Onshore, the Abu Dhabi Company for Onshore Oil Operations (ADCO), plans to invest a further US$5 billion to US$7 billion to meet its production target of 1.8 million bpd by the end of 2017. ADNOC and Total signed a 40-year concession agreement for the ADCO onshore fields in January 2015, the original 75-year concession having expired on 10 January 2014. Total received a 10 per cent participating interest in the new concession and is appointed asset leader for the South East and Bu Hasa integrated asset groups. Additional companies will be added.

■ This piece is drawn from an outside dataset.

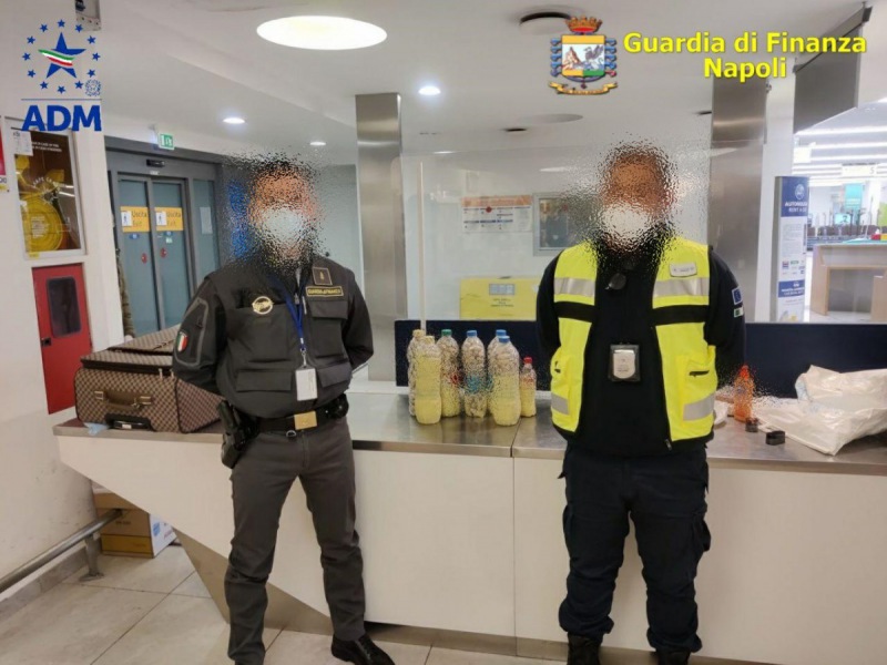 Il Comando Provinciale della Guardia di Finanza di Napoli, unitamente ai funzionari dell’Agenzia delle Dogane e dei Monopoli in servizio presso lo scalo aeroportuale di Capodichino, ha tratto in arresto due cittadini di origine africana che trasportavano complessivamente 11,300 kg di droga occultati all’interno dei bagagli da stiva.-spiega la nota-I due corrieri, un ... e un ..., giunti a Napoli con un volo proveniente da Parigi, stavano per lasciare l’Aeroporto quando sono stati fermati e sottoposti a controllo prima di allontanarsi dalla “sala arrivi”. -spiega la nota-In particolare, gli ufficiali addetti ai controlli, non convinti delle spiegazioni ricevute ed insospettiti da ulteriori segnali di “rischio”, hanno controllato i bagagli dei 2 soggetti rinvenendo 569 ovuli contenenti cocaina per un peso complessivo di -si legge nella nota-8,3 kg, e 3,1 kg di oppio all’interno di alcune bottiglie e confezioni per l’igiene intimo personale, pronti per essere distribuiti nelle “piazze dello spaccio” campane. -spiega la nota-L’elevata purezza dell’ingente quantitativo di droga sequestrata avrebbe consentito alle organizzazioni criminali di immettere sul mercato nazionale circa 300.000 dosi di droga per un guadagno complessivo di oltre 2 milioni di euro."

The SPC's decision on the ADCO concession will not only determine the future of Abu Dhabi's major onshore oil resources but will also set the tone for renewal or restructuring of the offshore concession held by ADNOC's Adma-Opco operating subsidiary, which expires at the beginning of 2018. Adma-Opco is a joint venture between ADNOC, BP, Total and Jodco. (Click here for information on the background to the original oil concession agreement.)
A number of new entrants into the UAE's oil industry, like the Korean company, KNOC, are also exploring for new fields.
Increased oil production leads to increased exports. To bolster the security of its oil export capacity in the face of regional political unrest and concerns over the Strait of Hormuz chokepoint at the mouth of the Gulf, Abu Dhabi's government-owned International Petroleum Investment Company (IPIC) developed a 370-kilometre crude oil pipeline from Habshan, where Abu Dhabi's biggest onshore oil fields are located, to Fujairah on the Arabian Sea coast. The Abu Dhabi Crude Oil Pipeline was inaugurated in 2012 with an initial capacity of 1.5 million bpd, with expectations that this would eventually be expanded to 1.8 bpd. The pipeline allows the UAE for the first time to export crude from a terminal outside the Gulf.
Abu Dhabi's gas production has increased significantly in recent years due to major projects to integrate offshore and onshore production of associated gas from large oil fields and reduce gas flaring. Abu Dhabi, which was the first Gulf state to produce LNG, has long-term contractual commitments to export gas. At the same time domestic demand for gas, primarily used as a feedstock for power and desalination plants, has spiralled. Gas is also used for reinjection into oilfields to maintain wellhead pressure and it is used in the rapidly expanding petrochemicals and fertiliser sectors.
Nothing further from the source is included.